Something in his eyes, in his voice, in his intensity, brought the judge to his side.

"How long has this thing been going on?" he asked seriously.

"Four years!"



"Before you came here?"

"Yes."

"You followed her here?"

"Yes."

Whereupon the judge gave vent to the one profane word in his vocabulary.

Then Sandy, having confided so far, made a clean breast of it, breaking down at the end when he tried to describe Ruth's goodness and the sorrow his misery had caused her.

When it was over the judge had hold of his hand and was bestowing large, indiscriminate pats upon his head and shoulders.

"It's hard luck, Sandy; hard luck. But you must brace up, boy.

Everybody wants something in the world he can't get. We all go under, sooner or later, with some wish ungratified. Now I've always wanted--"
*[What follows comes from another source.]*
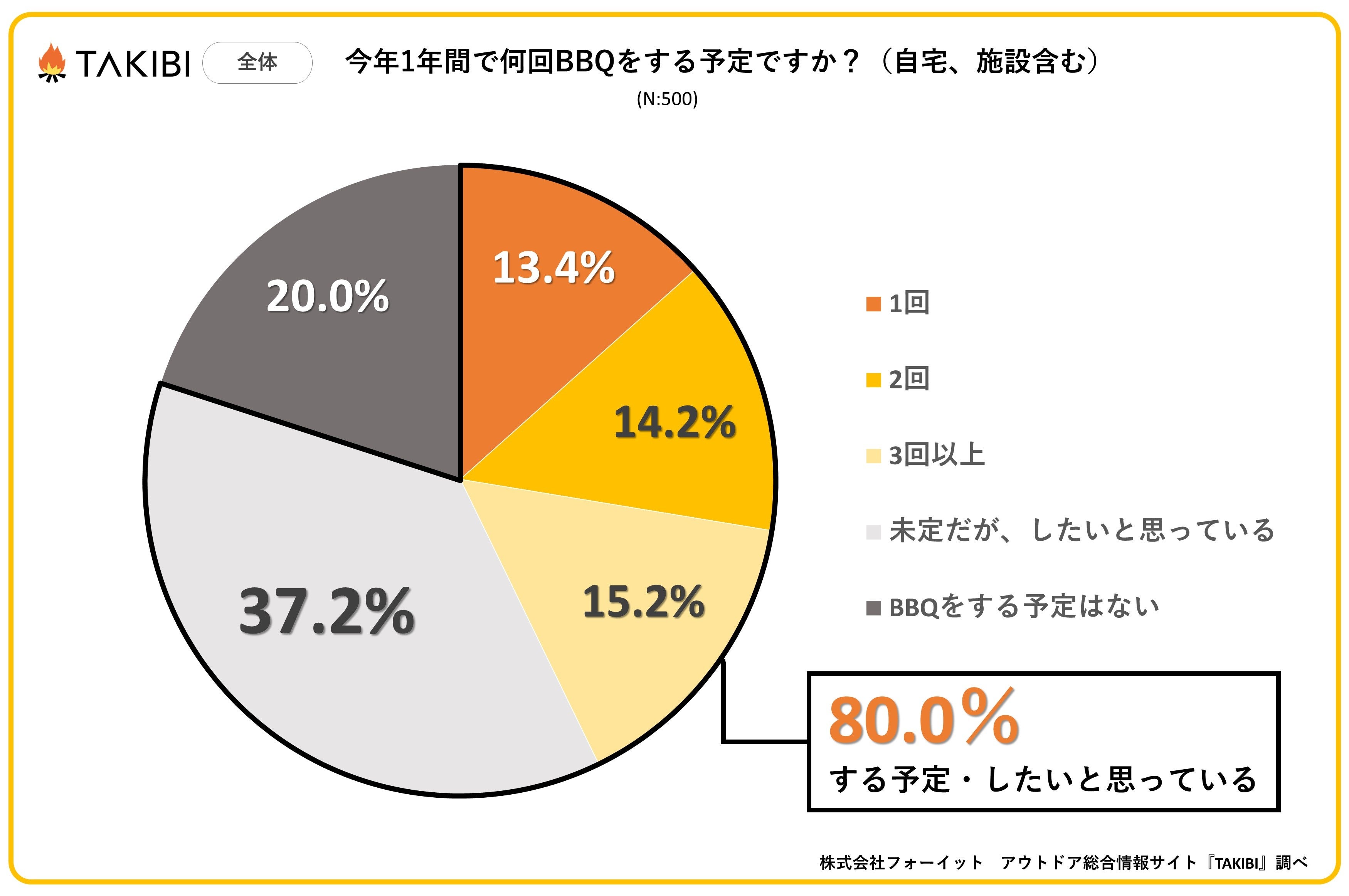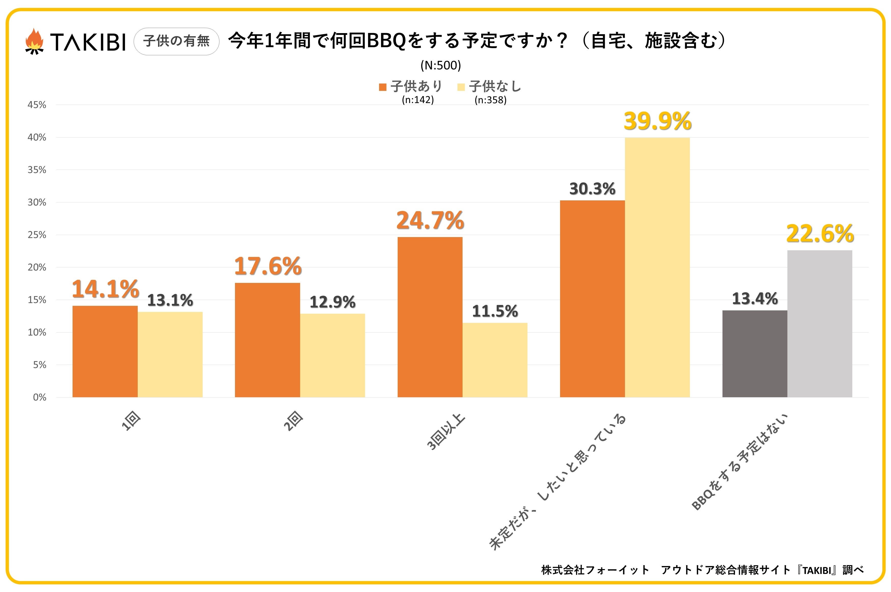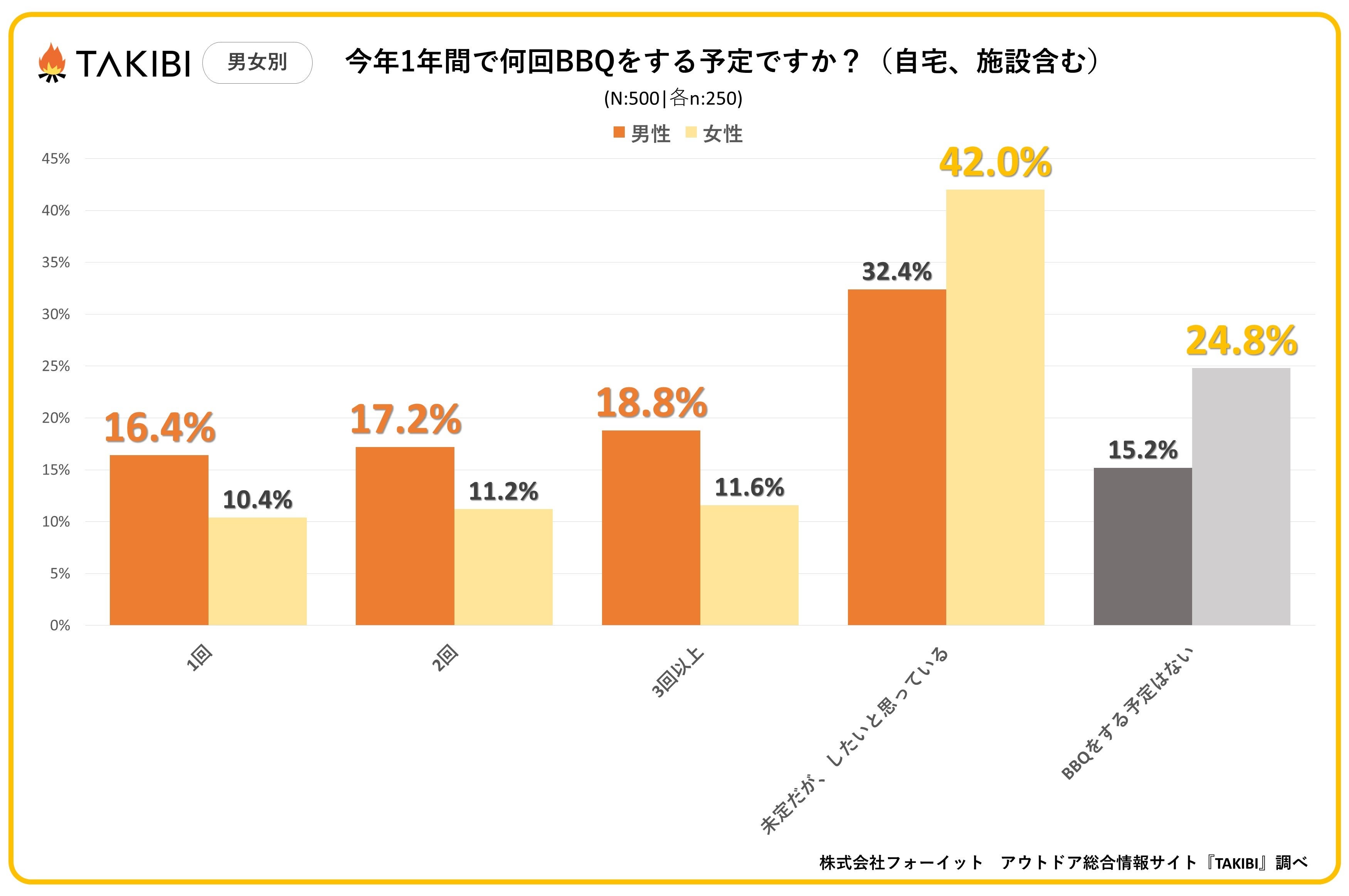 キャンプやグランピングを中心としたアウトドア総合情報サイト「TAKIBI」の運営をおこなう株式会社フォーイットは、全国の10代~50代までの男女500人を対象にバーベキューに関するアンケートを実施し、男女別・年代別等の特徴についてまとめました。

he pressed his fingers on his lips for a moment, then went on--"the one thing I've wanted was a son. It seemed to me there was nothing else in the world would make up to me for that lack. I had money more than enough, and health and friends; but I wanted a boy. When you came I said to Sue: 'Let's keep him a while just to see how it would feel.'

It's been worth while, Sandy; you have done me credit. It almost seemed as if the Lord didn't mean me to be disappointed, after all.
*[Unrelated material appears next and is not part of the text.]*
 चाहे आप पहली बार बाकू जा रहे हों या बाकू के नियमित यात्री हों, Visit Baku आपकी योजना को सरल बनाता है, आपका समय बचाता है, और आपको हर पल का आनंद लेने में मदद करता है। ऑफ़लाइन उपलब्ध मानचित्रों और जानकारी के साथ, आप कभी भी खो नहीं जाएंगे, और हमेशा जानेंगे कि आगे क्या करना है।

And to-day, when Mr. Moseley said you ought to have a year or two at the big university, I said: 'Why not? He's just like my own. I'll send him this year and next, and then he can come home and be a comfort to me all the rest of my days.' That's what I was sitting up to tell you, Sandy; but now--"
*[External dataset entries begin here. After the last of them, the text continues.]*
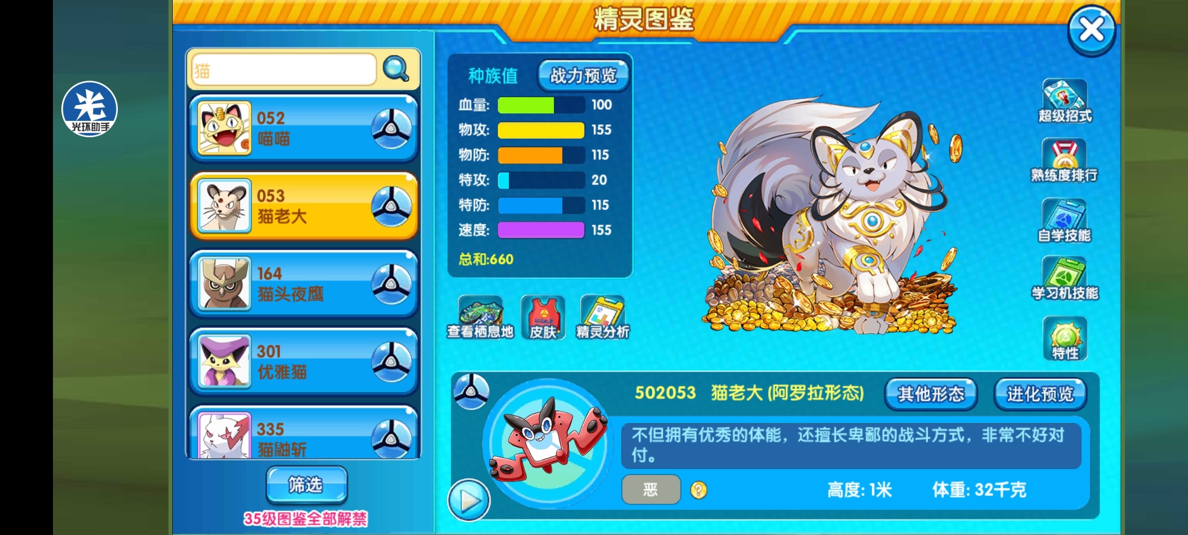 总结:猫老大其实不值这一种形态,在原版中喵喵就是人气宠物,所以除了普通形态和阿罗拉形态,它还有专门的伽勒尔形态和极巨化形态,可以说是原版中形态非常多的一个宠物了,如果复刻能持续下去,出钢属性的伽勒尔形态也是很有可能,好了,本期关于它的介绍就到这里,我是@白,我们下期再见,想看更多新宠资料,可以点我头像关注我查找,记得点个赞呦!
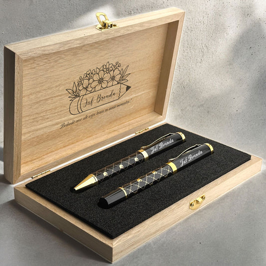 Personalized Pen Set - Writing Set With Engraved Wooden Box BLP014
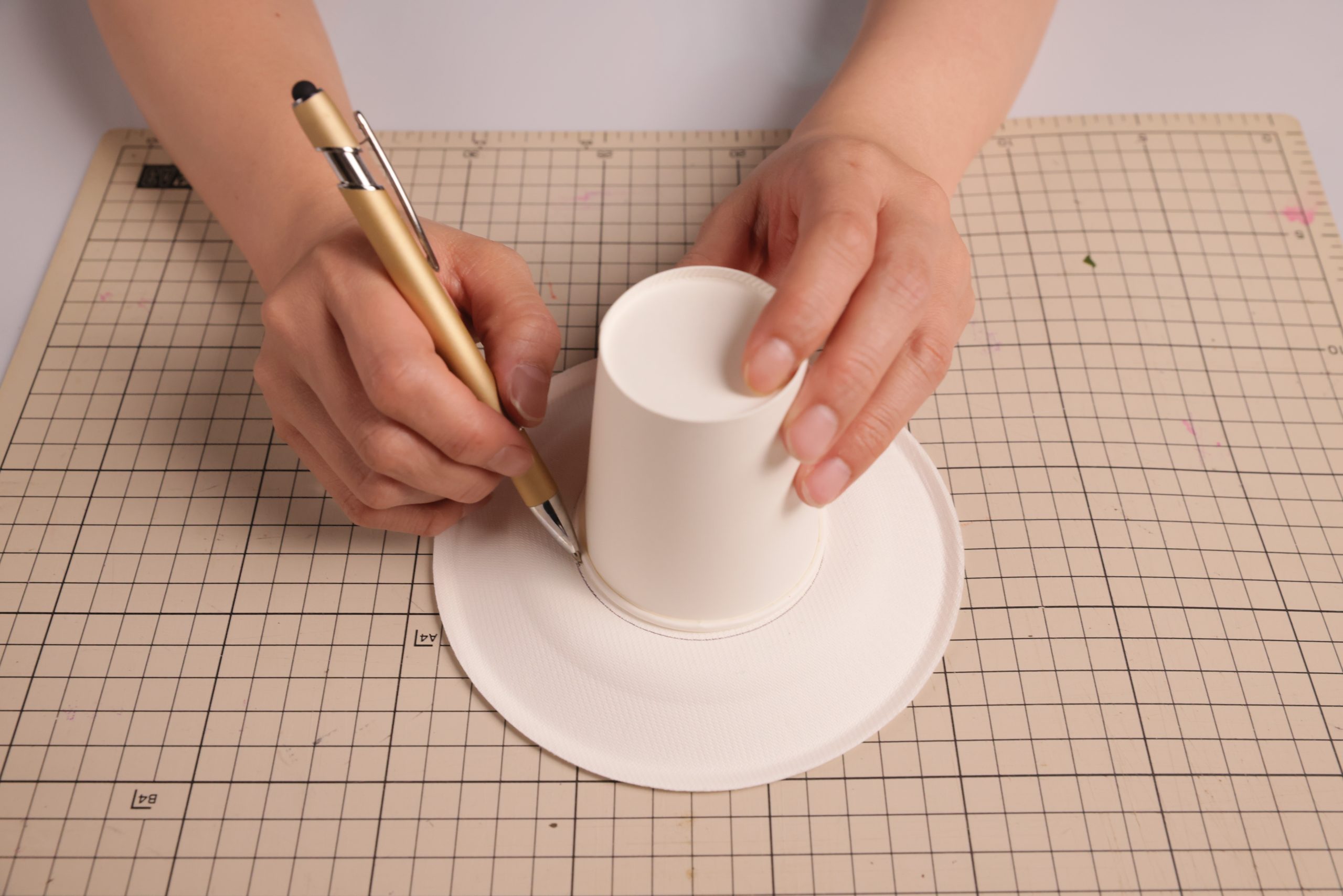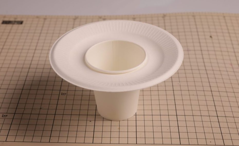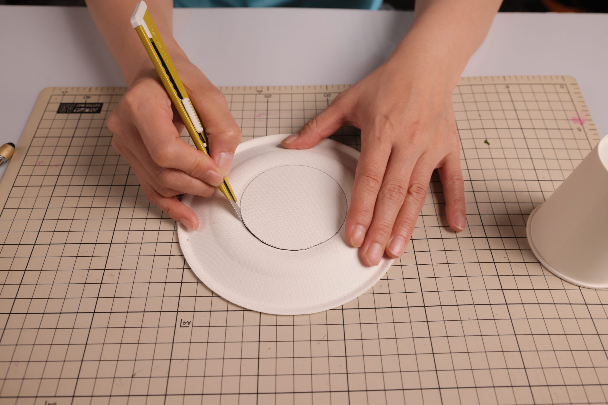紙皿の穴に、紙コップの口を差し込[こ]もう。
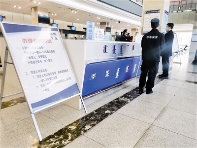 “你好!違章查詢和罰款繳納需要去交管隊,不在這里辦理。如果是本人車輛,也可下載12123 APP進行辦理?!?月18日9時10分,記者走進呼和浩特市交警支隊車輛管理所,在政務(wù)服務(wù)中心東大廳正對著大門的導(dǎo)辦臺,一位民警正在接受市民業(yè)務(wù)咨詢。記者看到,大廳里往日喧囂熱鬧的場景不見了,只有零星幾位市民在辦理業(yè)務(wù)。
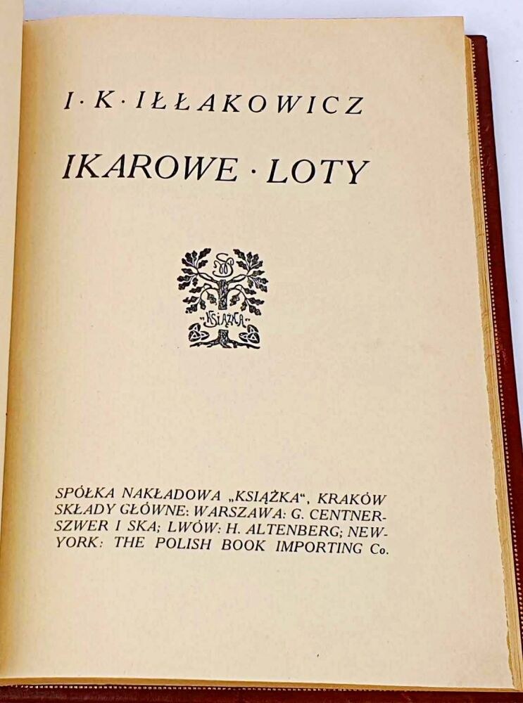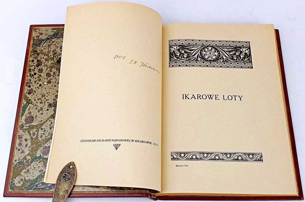Debiut poetycki autorki! Podpis na marce ochronnej oznaczonej numerem 1002. Na stronie tytułowej logo Spółki Nakładowej „Książka” projektu Stanisława Wyspiańskiego.

"And ye sha'n't be disappointed!" cried Sandy. "I'll go anywhere you say, do anything you wish. Only you wouldn't be asking me to stay here?"

"Not now, Sandy; not for a while."

"Never!--so long as she's here. I'll never bring me sorrow between her and the sun again-so help me, Heaven! And if the Lord gives me strength, I'll never see her face again, so long as I live!"

"Go to bed, boy; go to bed. You are tired out. We will s.h.i.+p you off to the university next week."

"Can't I be going to-morrow? Friday, then? I'd never dare trust meself over the week."

"Friday, then. But mind, no more prancing to-night; we must both go to bed."

Neither of them did so, however. Sandy went to his room and sat in his window, watching a tiny light that flickered, far across the valley, in the last bend of the river before it left the town. His muscles were tense, his nerves a-tingle, as he strained his eyes in the darkness to keep watch of the beacon. It was the last glimpse of home to a sailor who expected never to return.

Down in the sitting-room the judge was lost in the pages of a worn old copy of Tom Moore. He fingered the pages with a tenderness of other days, and lingered over the forgotten lines with a half-quizzical, half-sad smile on his lips. For he had been a lover once, and Sandy's romance stirred dead leaves in his heart that sent up a faint perfume of memory.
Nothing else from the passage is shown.